Errata for Section 19 of the Actuary's Free Study Guide for Exam 3F / Exam MFE

Corrections to Solutions BOPWP4-5

In the original Section 19 of The Actuary's Free Study Guide for Exam 3F / Exam MFE, there was a typo regarding the formula for directly calculating option prices using a two-period binomial model. The formula was given as

P = e^-2rh[(p*)²P_uu + (p*)(1-p*)P_ud + (1 - p*)²P_dd]
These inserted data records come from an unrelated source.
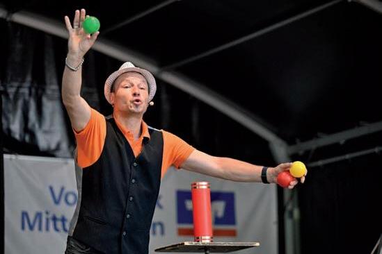 Zauberer Michael O. präsentiert ein buntes Zauberprogramm für die ganze Familie und eine Ballonshow. Die Besucherinnen und Besucher werden mit einbezogen.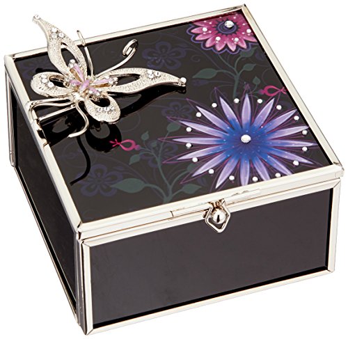 StealStreet SS-A-38138 Square Butterfly Jewelry Box and Vivid Black Bright Flowers Fantasy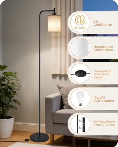 Dual Control with Foot Switch & Remote: Control this standing lamp with ease. Gently tap the foot pedal to cycle through three color temperatures. Adjust brightness from 10% to 100% using the included remote, which conveniently attaches to the lamp pole for quick access when needed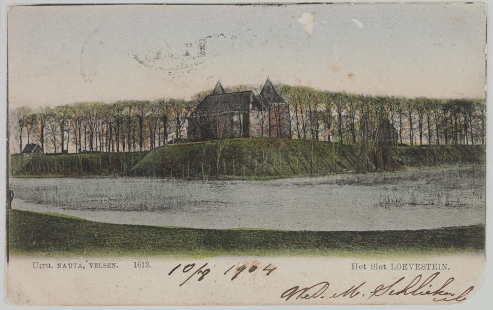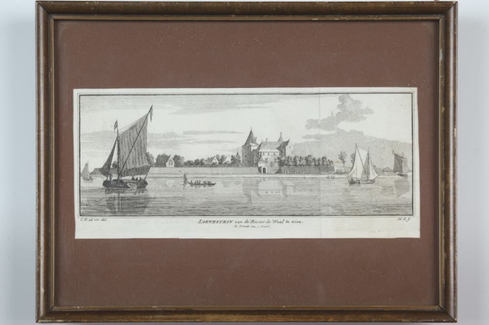 Loevestein vanuit het noorden, kopergravure, 18e eeuw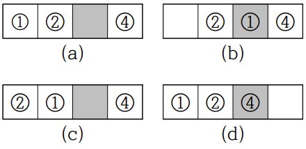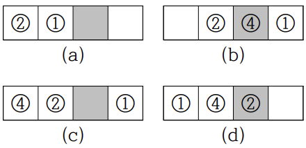 그림3(a)는 4번 좌석표를 받은 사람이 자리에 앉지 않았기 때문에 규칙에 어긋난 자리배치이다. 그림3 (b), (c), (d)의 경우에는 1번 혹은 4번 좌석표를 받은 사람이 원래 자리에서 2칸 이상 떨어진 자리에 앉아서 규칙에 어긋난 경우이다.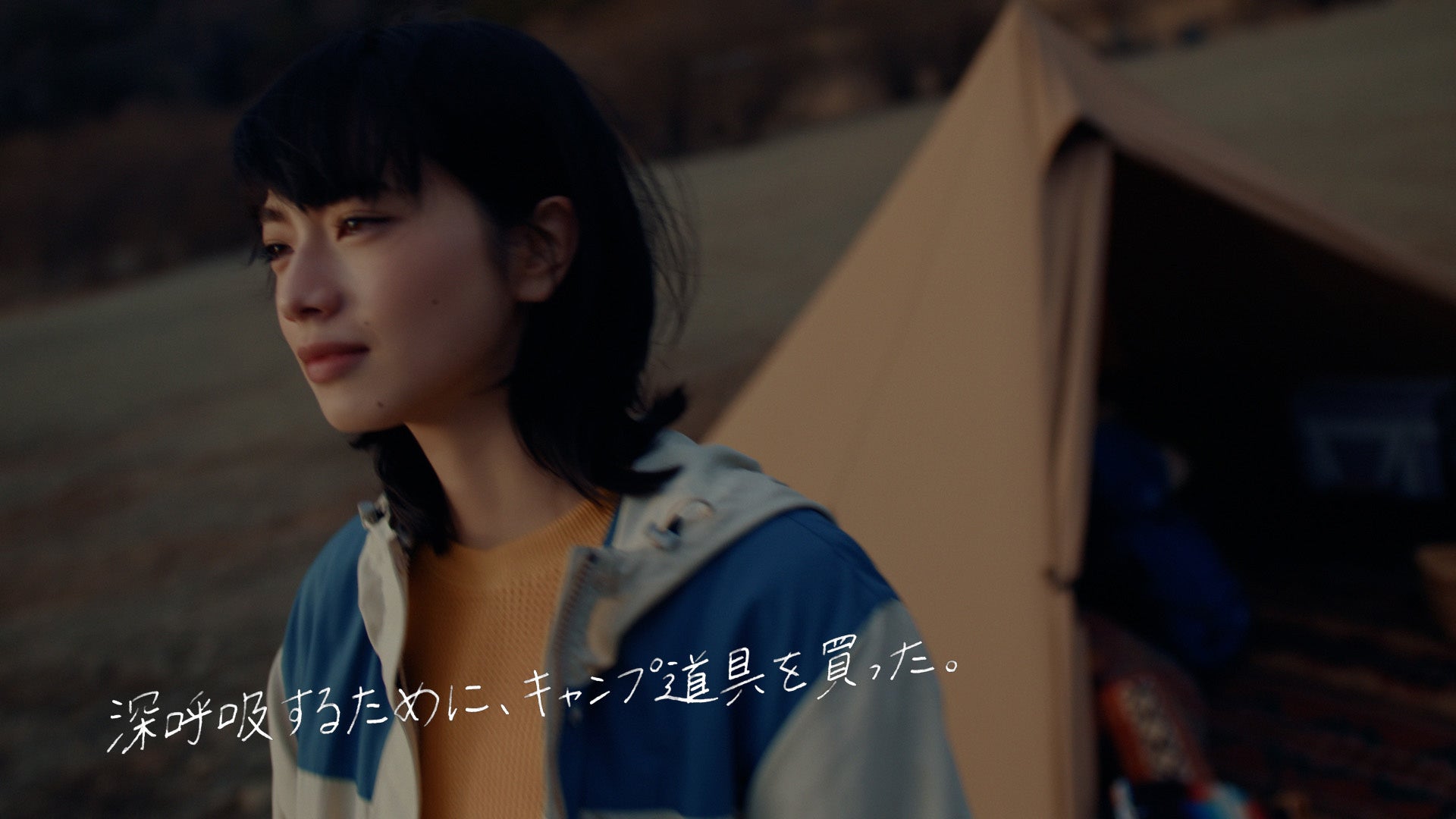 「キャンプ道具」篇―「深呼吸するために、キャンプ道具を買った。」という言葉と共に、ゆっくりと深呼吸をし、ソロキャンプを通じて自分と向き合う姿を描く。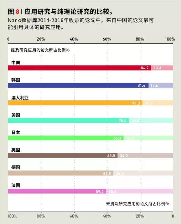 基于Nano数据库的分析也得到类似的结果。数据库所收录的论文中,中国有更多的论文明确提及论文所描述的纳米结构或材料的应用,其比例显著高于美国、德国、英国、日本和法国等多数科研强国(图 8)。只有韩国和澳大利亚与中国的情况相似。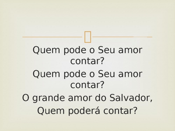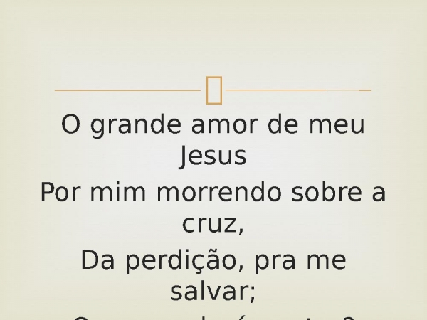 - O grande amor de meu JesusPor mim morrendo sobre a cruz,Da perdição, pra me salvar;Quem poderá contar?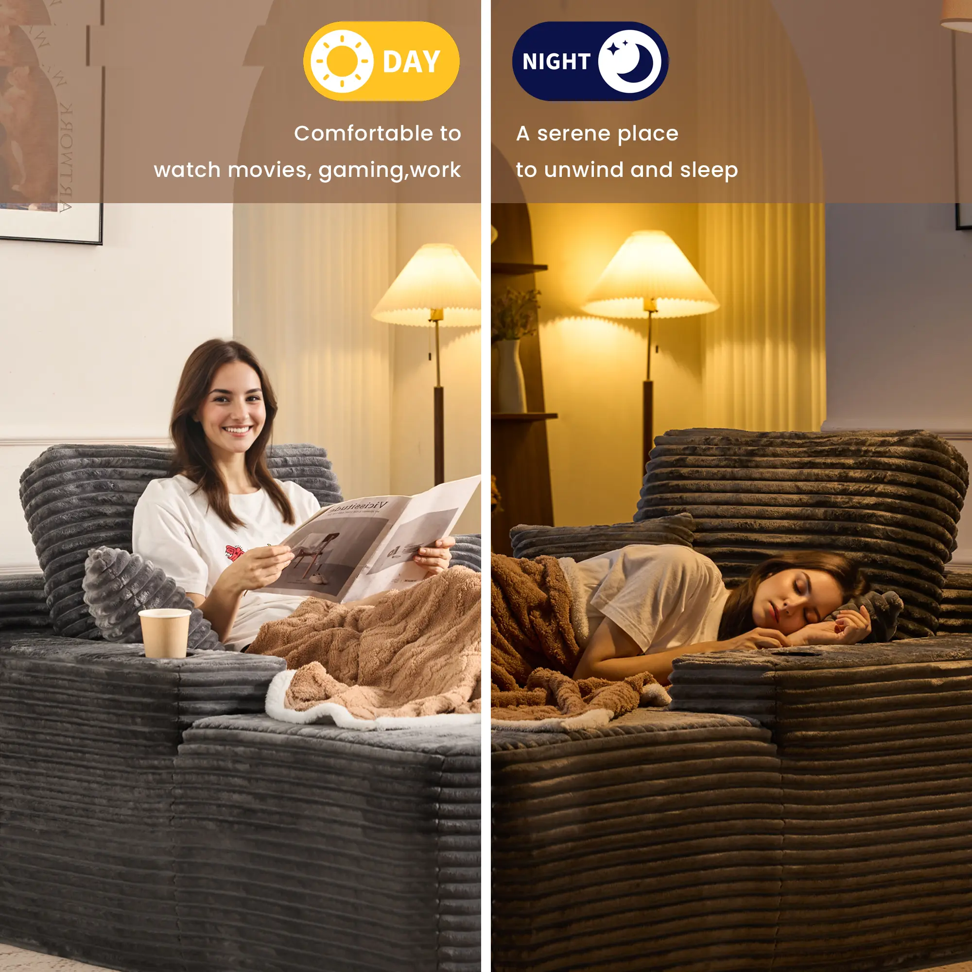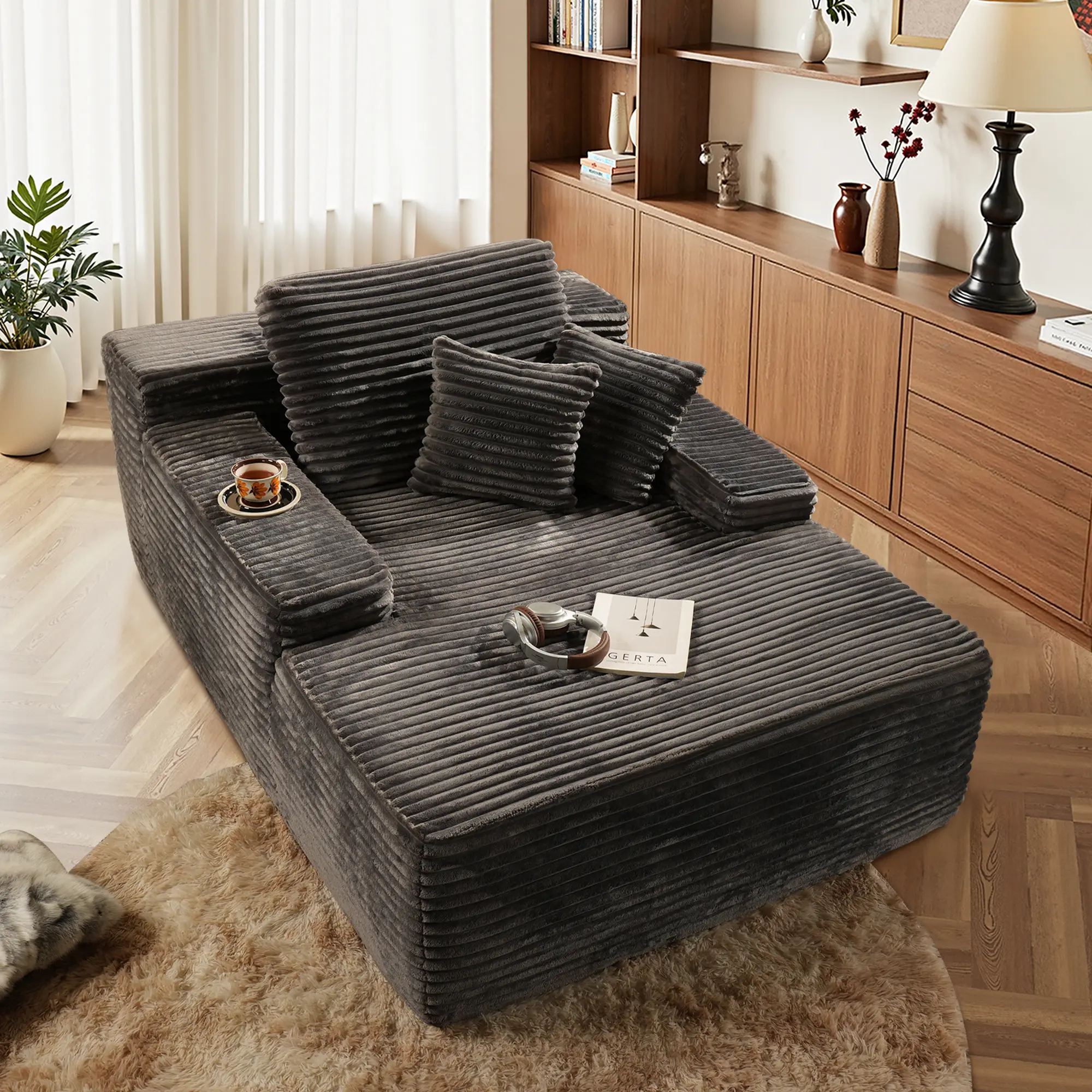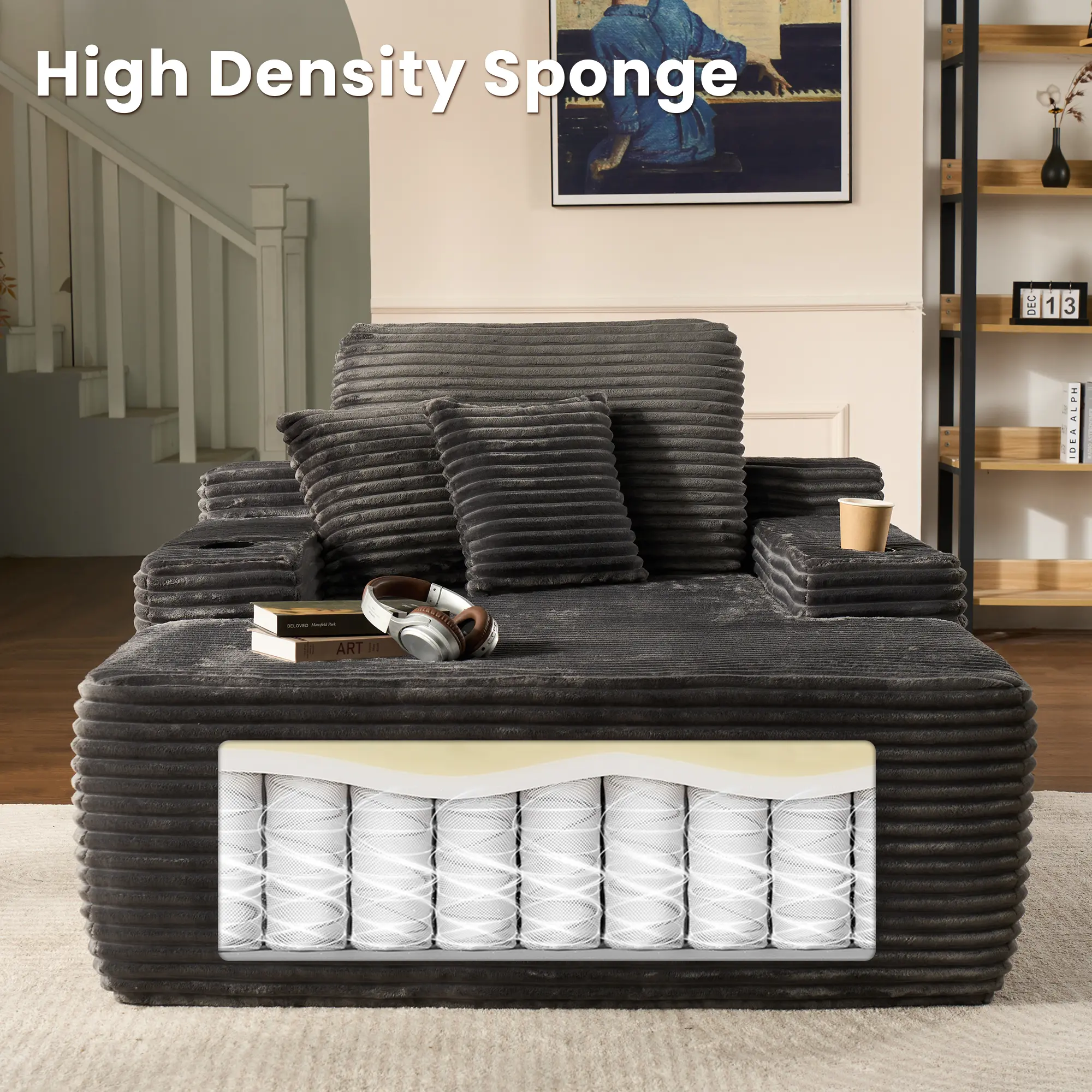 Deep Seat Chaise Lounge with Cup Holders: The spacious design offers plenty of room to stretch out—perfect for napping, reading, or watching movies.The oversized lounge chair with spacious sleeping area is enough to meet your and your family's needs.

whereas the correct formula is

P = e^-2rh[(p*)²P_uu + 2(p*)(1-p*)P_ud + (1 - p*)²P_dd]. Not the "2" coefficient of the middle term.

As a result, the work for Solutions BOPWP4-5 needs to be revised. These are the correct solutions.




Problem BOPWP4. Gregarious, Inc., stock is currently worth $56. Every year, it can change by a factor of 0.9 or 1.3. The stock pays no dividends, and the annual continuously-compounded risk-free interest rate is 0.04. Using a two-period binomial option pricing model, find the price today of one two-year European put option on Gregarious, Inc., stock with a strike price of $120.

Solution BOPWP4. In one year, the stock will either be worth S_u = 1.3*56 = 72.8, or it will be worth S_d = 0.9*56 = 50.4. In two years, the stock will either be worth

S_uu = 1.3²*56 = 94.64 or S_ud = S_du = 1.3*0.9*56 = 65.52 or S_dd = 0.9*0.9*56 = 45.36.

At S_uu = 94.64, the put is worth P_uu = 120 - 94.64 = P_uu = 25.36

At S_du = 65.52, the put is worth P_du = 120 - 65.52 = P_du = 54.48

At S_dd = 45.36, the call is worth P_dd = 120 - 45.36 = P_dd = 74.64

Now we calculate p* = (e^(r-∂)h - d)/(u - d) = (e^0.04 - 0.9)/(1.3 - 0.9) = 0.3520269355.

We note that there can be a direct calculation of the put price today using the three possible put prices two periods from now using the binomial model. The formula might make intuitive sense to you if you consider the way a binomial probability distribution works:

P = e^-2rh[(p*)²P_uu + 2(p*)(1-p*)P_ud + (1 - p*)²P_dd]

P = e^-2*0.04[(0.3520269355)²25.36 + 2(0.3520269355)(1- 0.3520269355)54.48 + (1 - 0.3520269355)²74.64] = P = $54.77396157.

This approach is much faster than finding the intermediate put prices. The identical kind of formula can be applied to call pricing using the two-period binomial model as well.